Deberíamos  empezar por definir cuál de las reformas tiene prioridad, aunque todas son importantes, porque algunas podrían pasar como cortinas de humo para que otras sean aprobadas sin grandes cambios o lo que sería peor en perjuicio  de la sociedad, como fue el intento de transparentar todo el dinero de los impuestos de los cautivos contribuyentes y del petróleo que se gastan los gobernantes y sindicatos, que los legisladores sabotearon modificando todo para dejarlo igual, o sea sin transparencia. Por eso es importante encontrar una vía de participación activa y efectiva de la sociedad que haga contrapeso al enorme poder de los que se gastan el dinero público, pues nadie ha podido hacer que rindan cuentas. 

La reforma educativa se ha enfrascado tan solo en una cuestión laboral, sin que se proponga algo verdaderamente trasformador y el gobierno tiene gran parte de la responsabilidad, primero al politizar tanto la educación, colocando políticos en la Secretaría de Educación y no verdaderos académicos con perfil y experiencia  de la talla de Vasconcelos o Torres Bodet, que sí los hay en la actualidad, pero no son tomados en cuenta, y permitir que líderes magisteriales comercien con las plazas, creen partidos políticos rémoras y les den el control de otras dependencias, como sucedió en los dos últimos sexenios, aunque luego terminen en la cárcel. 

Si queremos verdaderamente  transformar al país, por la educación se debería comenzar, pues sólo una sociedad masivamente educada e informada puede reclamar sus derechos y cumplir con sus obligaciones, pero esto lleva tiempo, dinero y muchos valores de los que aún carecemos. 

La excelencia debería ser el principal objetivo y si se hacen concesiones el único resultado será la mediocridad en la que ya nos encontramos. El magisterio no es sólo una actividad laboral, sino una  verdadera vocación, y nadie que la tenga debería temerle a una evaluación, sobre todo cuando el puesto ha sido obtenido por la vía del mérito y la permanente actualización es garantía de vigencia y conservación de éste, pero como las escaleras se barren de arriba hacia abajo.  

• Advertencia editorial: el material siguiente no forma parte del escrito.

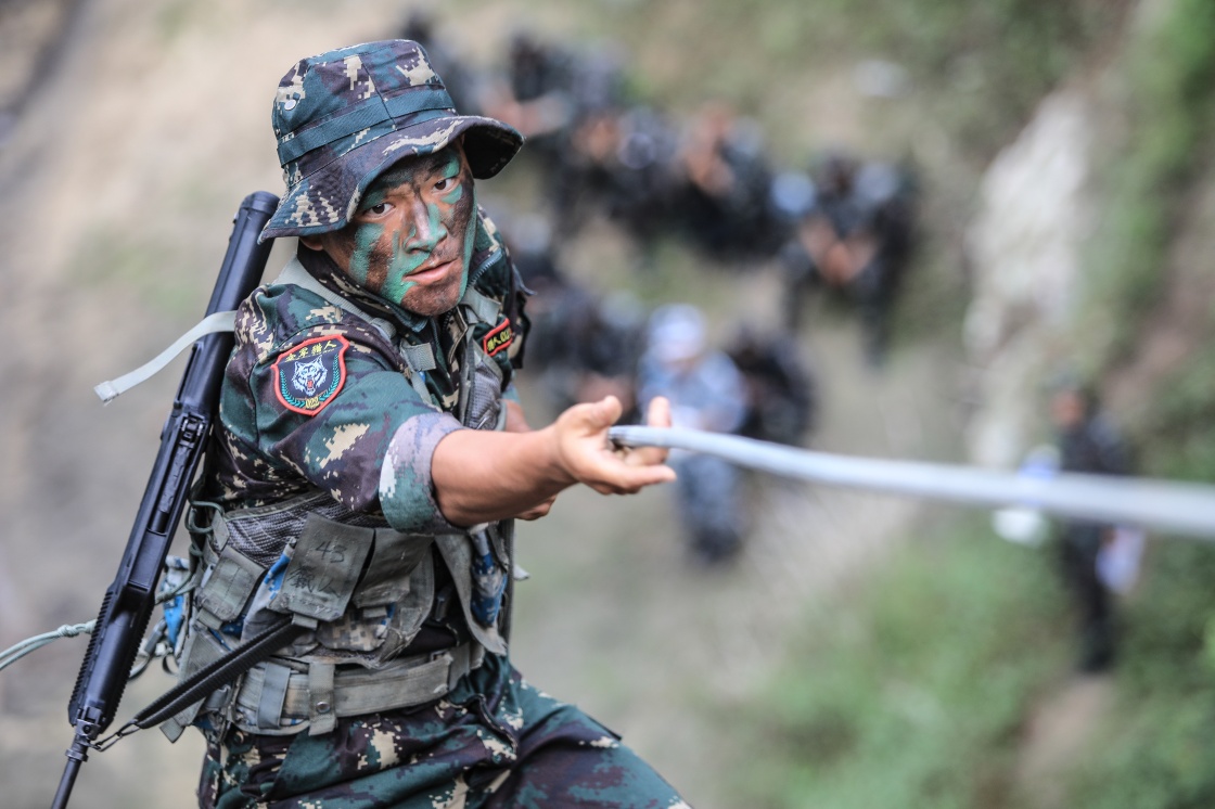 这是6月中旬空军“猎人”集训队的一次野外生存和多课目极限训练。在鄂北大山深处进行的60个小时集训,对空军“猎人”的超强度体能、超难度技能、超极限意志做出考验和锤炼。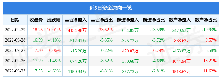 资金流向数据方面,9月29日主力资金净流入4154.98万元,游资资金净流出1684.05万元,散户资金净流出2470.93万元。
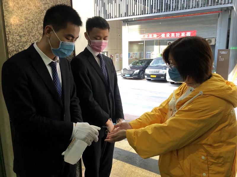 值班保安對每個(gè)進(jìn)入進(jìn)入小區(qū)的人進(jìn)行體溫測量和消毒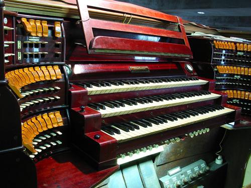 De gewone koppelingen kunnen worden bediend met zes witte drukknoppen links onder het eerste manuaal.

Justo sería que los evaluadores fueran los primeros evaluados, comenzando por los que aprobaron esta iniciativa para que al término de sus “prolongados y sacrificados” periodos de sesiones a los que reprobaran,  revocación del cargo, pues sus salarios de 3 años son  muy superiores al de 30 años de los buenos maestros, que por suerte son muchos.